The focus on the nominal income of donations was removed, and their impact was prioritised–bettering outcomes for both beneficiaries and corporate donors.
Resource donation should never emphasise a donor’s or NGO’s financial interests. For donated goods to have any meaningful impact, the focus must be on strategic acquisition and integration of resources that will genuinely contribute to achieving program objectives and bettering the lives of beneficiaries.
This acknowledgement meant the development of global standards that require continuous consultation with field staff to determine what’s most needed, analysis of local markets to prevent negative impact and a far stricter approach in assessing offered donations.
The wholesale change in operations has meant resisting financial pressures to accept ineffective but high-value items at a time when cash donations are contracting, and resisting pressure from donors who are certain their excess stock can make a difference overseas (despite evidence to the contrary). But through resisting these pressures, honestly disclosing past failures and educating internal and external parties, donated resources have begun to have a far bigger impact.
One important factor for success with in-kind donations has been ongoing partnerships with corporations who make annual donations, which allows for WVA to plan effectively. For example, by building multi-year partnerships with some of Australia’s largest textbook publishers, we are able to give field staff the opportunity to select the right titles for their national curriculum. By integrating these resources into proven literacy programs, the donations contribute to measurable impact in education outcomes, and monitoring and evaluation data supports this.
Rather than focusing solely on ad-hoc partnerships based on excess inventory transfers to the developing world from Australian manufacturers (transfers that had achieved little real impact), strategic partnerships were sought with both large corporations with access to identified in-kind needs, as well as smaller NGOs that could leverage WVA’s programming and logistics reach.
WVA forged a partnership with a volunteer group of knitters to supply durable thermal blankets to help incentivise health clinic visits for expectant mothers.
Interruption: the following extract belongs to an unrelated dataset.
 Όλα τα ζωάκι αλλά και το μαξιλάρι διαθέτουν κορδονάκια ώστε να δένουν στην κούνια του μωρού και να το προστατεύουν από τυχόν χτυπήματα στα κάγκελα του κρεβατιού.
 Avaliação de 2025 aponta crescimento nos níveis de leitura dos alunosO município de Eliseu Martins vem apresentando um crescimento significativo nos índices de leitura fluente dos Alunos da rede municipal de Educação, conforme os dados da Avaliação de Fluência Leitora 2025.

A group of retired machinists and mechanics supply hundreds of World Health Organisation-standard wheelchairs every year for clinics in East and Southern Africa, implemented with the expertise of trained clinicians from an NGO specialising in disability. Through working with the Birthing Kit Foundation (Australia), 30,000 clean birthing kits (comprised of basic medical goods that enable a safer delivery) have been provided through World Vision programming to clinics and hospitals in fragile states.
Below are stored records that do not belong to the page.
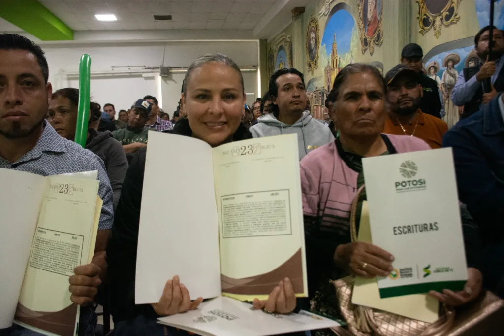 Como resultado de la política de certeza patrimonial que impulsa el Ayuntamiento de Soledad de Graciano Sánchez, este año 2025, se logró la entrega aproximada de 365 escrituras de predios a familias del municipio, resultado del trabajo permanente del Instituto Municipal de la Vivienda (INMUVISO) lo que da muestra del compromiso de estar cerca de la población, escuchar y atender a quienes por años esperaron regularizar su vivienda, una instrucción clara y firme del Alcalde Juan Manuel Navarro Muñiz.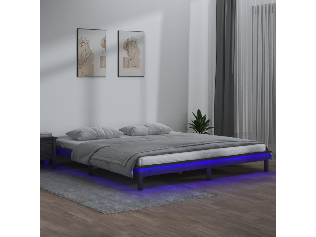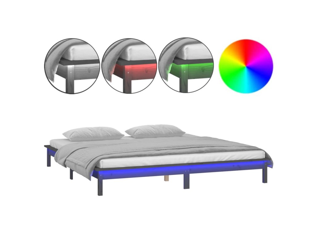 Posteľný rám s LED, sivý 140x190 cm, drevený masív 820653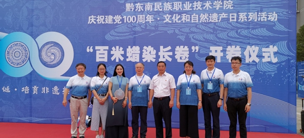 为发挥党建引领,深化中西部院校深度合作,6月17-18日学校党委书记吴访升、招生就业处处长董裕乾、服装学院院长袁红萍、创意学院徐英姿老师受邀参加黔东南民族职业技术学院“献礼百年华诞·培育非遗英才”主题系列活动。我校一行首先在铜鼓广场见证百米蜡染画作舒卷启动仪式,文创市集开市、匠人学子百件精品展示及招聘会等活动。来自省内外民族文化专家、兄弟院校领导、企事业单位嘉宾齐聚一堂,共话传统工艺发展,喜迎建党百年华诞。身着民族服饰的师生,伴随悠扬的芦笙乐曲,共同唱响《唱支山歌给党听》,一幅气势恢宏的百米蜡染画卷徐徐打开,一幅幅栩栩如生的民族蜡染图画展示了黔东南州丰富的少数民族风土人情。文创集市上,蜡染团扇、蜡染玩偶、手工银饰等一件件灵巧的工艺品纷纷亮相,让非遗与文创完美融合,匠心与匠艺魅力绽放。活动期间,我校一行在黔东南民族职业技术学院党委书记邱兴萍、副书记吴一生的带领下,参观了该校校史馆及民俗博物馆,详细了解学校的发展历程、专业特色,以及在非遗文化保护、传承及创新方面的有效举措。实地调研了该校护理系首批“全国党建工作样板支部”——护理系党总支第一支部,认真倾听支部书记冉丽老师介绍如何通过抓好党建

This is not to suggest that every implementation has been successful. Gaps in planning have seen some donated resources kept locked away in secure spaces within communities–out of the hands of recipients–because they are so highly valued. The difficulties of international logistics, particularly in the African context, consistently challenge even the best-laid plans.
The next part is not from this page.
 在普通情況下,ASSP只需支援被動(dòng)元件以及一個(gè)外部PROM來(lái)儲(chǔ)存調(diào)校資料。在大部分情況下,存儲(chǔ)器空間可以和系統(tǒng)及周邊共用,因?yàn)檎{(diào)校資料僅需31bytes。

But these failures and gaps are diminishing year after year, as the provision of donated goods meshes further with programming objectives. For beneficiaries, this means better outcomes in education, health and economic development. For donors and NGOs, it means building partnerships that aren’t simply financial and transactional; it has given rise to partnerships based on transparency and shared goals and that better achieve positive outcomes for communities most in need of assistance.
Matthew Morris is a Project Facilitator with World Vision Australia’s Program Resources team, dealing in the sourcing, distribution and programming of non-cash donations of physical goods.